For 2) I found no solution. Is there any?

11 responses

I'm glad you like it! I think I can help with a few of your points.

  • I think that code you got from Jamie is the solution to both of your questions. You can extend his code to do 24 months (or longer), and adjust it to do quarterly and annual lookups.
  • I'm not sure of the interaction of the different form filings. We're sharing the data that Morningstar gives us, and they're trying to provide the best-available. Can you share a sample notebook with a specific data question, maybe, that I can look more closely at?
  • We don't currently have plans to support multiple dtypes for one pipeline term. However, in Jamie's example, the speed bottleneck should be data retrieval. Even if you reference the same data in two pipeline factors, pipeline is smart enough to only load the data into memory once. The efficiency gain of running through the for loops once would be minimal. Also, if you just want the values, you don't have to get the last 4 quarters of dates in your pipeline.
  • You're looking for the text output of 10-K statements? We don't have that at this time; it's the type of data, and analysis of that, that we'd like to add in the future.
  • We don't have a major fundamental rewrite planned. We finished a recent rewrite (with big improvements) last year.
Disclaimer

The material on this website is provided for informational purposes only and does not constitute an offer to sell, a solicitation to buy, or a recommendation or endorsement for any security or strategy, nor does it constitute an offer to provide investment advisory services by Quantopian. In addition, the material offers no opinion with respect to the suitability of any security or specific investment. No information contained herein should be regarded as a suggestion to engage in or refrain from any investment-related course of action as none of Quantopian nor any of its affiliates is undertaking to provide investment advice, act as an adviser to any plan or entity subject to the Employee Retirement Income Security Act of 1974, as amended, individual retirement account or individual retirement annuity, or give advice in a fiduciary capacity with respect to the materials presented herein. If you are an individual retirement or other investor, contact your financial advisor or other fiduciary unrelated to Quantopian about whether any given investment idea, strategy, product or service described herein may be appropriate for your circumstances. All investments involve risk, including loss of principal. Quantopian makes no guarantees as to the accuracy or completeness of the views expressed in the website. The views are subject to change, and may have become unreliable for various reasons, including changes in market conditions or economic circumstances.

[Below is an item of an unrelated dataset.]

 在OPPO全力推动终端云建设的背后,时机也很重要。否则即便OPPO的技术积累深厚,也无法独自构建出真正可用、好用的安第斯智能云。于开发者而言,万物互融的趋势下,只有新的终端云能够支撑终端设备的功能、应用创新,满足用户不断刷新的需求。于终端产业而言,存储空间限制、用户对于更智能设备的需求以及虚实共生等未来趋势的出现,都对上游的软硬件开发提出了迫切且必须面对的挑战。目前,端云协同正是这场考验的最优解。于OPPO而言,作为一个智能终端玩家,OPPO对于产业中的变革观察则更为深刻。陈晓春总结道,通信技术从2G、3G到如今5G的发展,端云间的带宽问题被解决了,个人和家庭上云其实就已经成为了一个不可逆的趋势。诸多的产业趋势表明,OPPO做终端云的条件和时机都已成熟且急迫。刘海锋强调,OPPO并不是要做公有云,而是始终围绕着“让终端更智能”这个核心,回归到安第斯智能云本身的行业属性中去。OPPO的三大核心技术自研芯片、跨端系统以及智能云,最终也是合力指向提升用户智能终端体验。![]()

As Dan said, those are not currently available, although meanwhile I think everyone would do well to be cognizant of the fact that Morningstar is adding fundamentals. There's code here that can be used to find out what's being added and a list of some that were new at that time.

Carlo, I took a look at Jamie's code you mentioned and it's outside of anything I've been working with but just in case it might help at all, this should provide a ratio of the most recent 3 months (mean) over the previous year's same time frame. Replace operating_income with any fundamental. For most recent trailing year vs the year before it, that would be 504 instead of 315 and 252 in place of 63. While nanfill isn't essential, I find it helps.

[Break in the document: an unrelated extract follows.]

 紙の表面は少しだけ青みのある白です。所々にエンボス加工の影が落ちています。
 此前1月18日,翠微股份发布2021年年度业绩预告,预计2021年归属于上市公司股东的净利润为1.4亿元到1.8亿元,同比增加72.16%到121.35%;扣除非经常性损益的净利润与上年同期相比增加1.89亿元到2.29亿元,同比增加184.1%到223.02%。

class Trend(CustomFactor):  
    window_length = 315     # 1 1/4 years  
    def compute(self, today, assets, out, zoo):  
        zoo = nanfill(zoo)  
        # Ratio of mean during most recent 3 months over 1st 3 months  
        out[:] = np.mean(zoo[-63:], axis=0) / np.mean(zoo[:63)], axis=0)

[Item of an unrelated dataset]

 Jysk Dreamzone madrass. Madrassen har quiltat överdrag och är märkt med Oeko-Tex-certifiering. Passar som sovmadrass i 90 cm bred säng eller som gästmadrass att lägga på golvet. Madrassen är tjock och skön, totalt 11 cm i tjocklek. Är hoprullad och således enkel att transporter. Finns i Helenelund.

calling that in pipeline ....

    Trend(inputs=[Fundamentals.operating_income], mask=universe).zscore()

def nanfill(_in):    # From https://stackoverflow.com/questions/41190852/most-efficient-way-to-forward-fill-nan-values-in-numpy-array  
    # Includes a way to count nans on webpage at  
    #   https://www.quantopian.com/posts/forward-filling-nans-in-pipeline  
    #return _in            # uncomment to not run the code below  
    mask = np.isnan(_in)  
    idx  = np.where(~mask,np.arange(mask.shape[1]),0)  
    np.maximum.accumulate(idx,axis=1, out=idx)  
    _in[mask] = _in[np.nonzero(mask)[0], idx[mask]]  
    return _in  

Thank you Dan and Blue

Some things helped me, but some are still unresolved .

@Dan Can you share a sample notebook with a specific data question, maybe, that I can look more closely at?
I attached a notebook, which gives the form type of the data.However, as you note the data reported belongs not to a form 10-Q, which holds quarterly data. So my question still remains - can we rely that this fundamental data can be interpreted as "quarterly" data or do we need to filter out. The algo does interpret any form as quarterly data. But is this correct?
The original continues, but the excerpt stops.